Of course everything that happened on Easter morning doesn’t fit together. Of course what has been called the “testimonies of the overwhelmed” (Helmut Thielicke) do not conform to the normal canons of evidence. Talk about astonishment, awe – and confusion! What else when you’re confronted by a reality that exceeds the limits of experience, reason and even imagination, a reality that is, in the strictest sense, indescribable, leaving language in a heap, its speakers tongue-tied. What else when you are hit by an earthquake that shatters the very foundations of human knowing, leaving scraps and fragments, and whose shock waves continue to reverberate and disturb.
The resurrection of Jesus – one can only try and fail to talk about it – one cannot be silent – one can only pray that the failure is a fortunate failure – the resurrection of Jesus is an event in history but not of history, an event with no “before”, a rupture, a fracture, an explosion, a big, bigger, biggest bang. As a new creation it can only be compared – as Paul compares it – with creation itself: “from the dead” with “out of nothing”. It certainly cannot be circumscribed by our so-called plausibility structures, or understood within our everyday frames of reference, rather it subverts these structures and frames and compels us to revise reality itself. Because, in short, as Karl Barth superbly and accurately put it, resurrection, finally, is “a paraphrase for God”, and God is ultimate and irreducible mystery, and the mystery of God is the hidden mystery of history, of the world itself.

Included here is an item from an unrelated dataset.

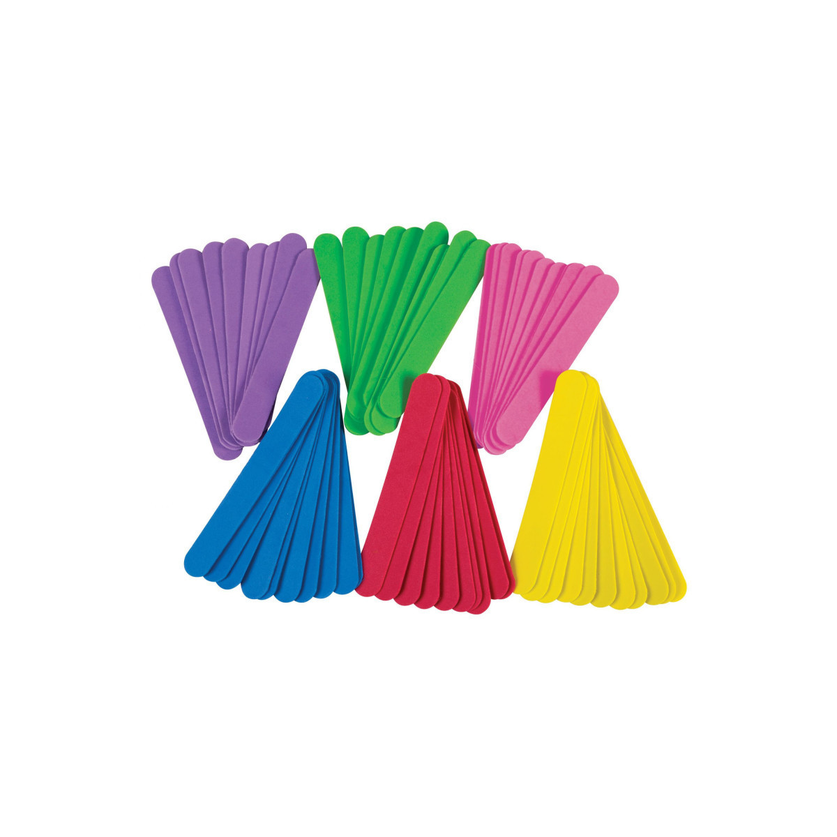 Brightly colored foam craft sticks are a unique way to create a variety of arts and crafts projects. These flexible Jumbo Craft Sticks are easy to cut and glue, and can be used for modeling, jewelry and much more! Each stick measures 6" long x .75" wide. Assorted colors include: Purple, Green, Orange, Blue, Red and Yellow. Each pack includes 100 foam craft sticks.

“Getting inside the miracle” is a poem by Luci Shaw on the resurrection (the poets are always our best bet here):
No, he is too quick. We never
catch him at it. He is there
sooner than our thought or prayer.
Searching backwards, we cannot discover
how, or get inside the miracle.
Enough. Refrain. Observe
a finished work…
As sure as (Easter!) eggs is eggs, the resurrection happened, but that it happened is disclosed – Jesus makes his presence known – and it can be known only in faith, which does not answer to historical method but is a gift of the Holy Spirit.
So thanks, ET, for the clarification. And thank you, God, for the revelation, transcending time and space, for meeting us here and now in the risen Christ, with the word – because we are so afraid – “Shalom! Peace be with you.” Yes, and thank you that, if still with lingering doubt and confusion, nevertheless without apology, with boldness and joy, we can say this morning: “The Lord is risen! He is risen indeed!”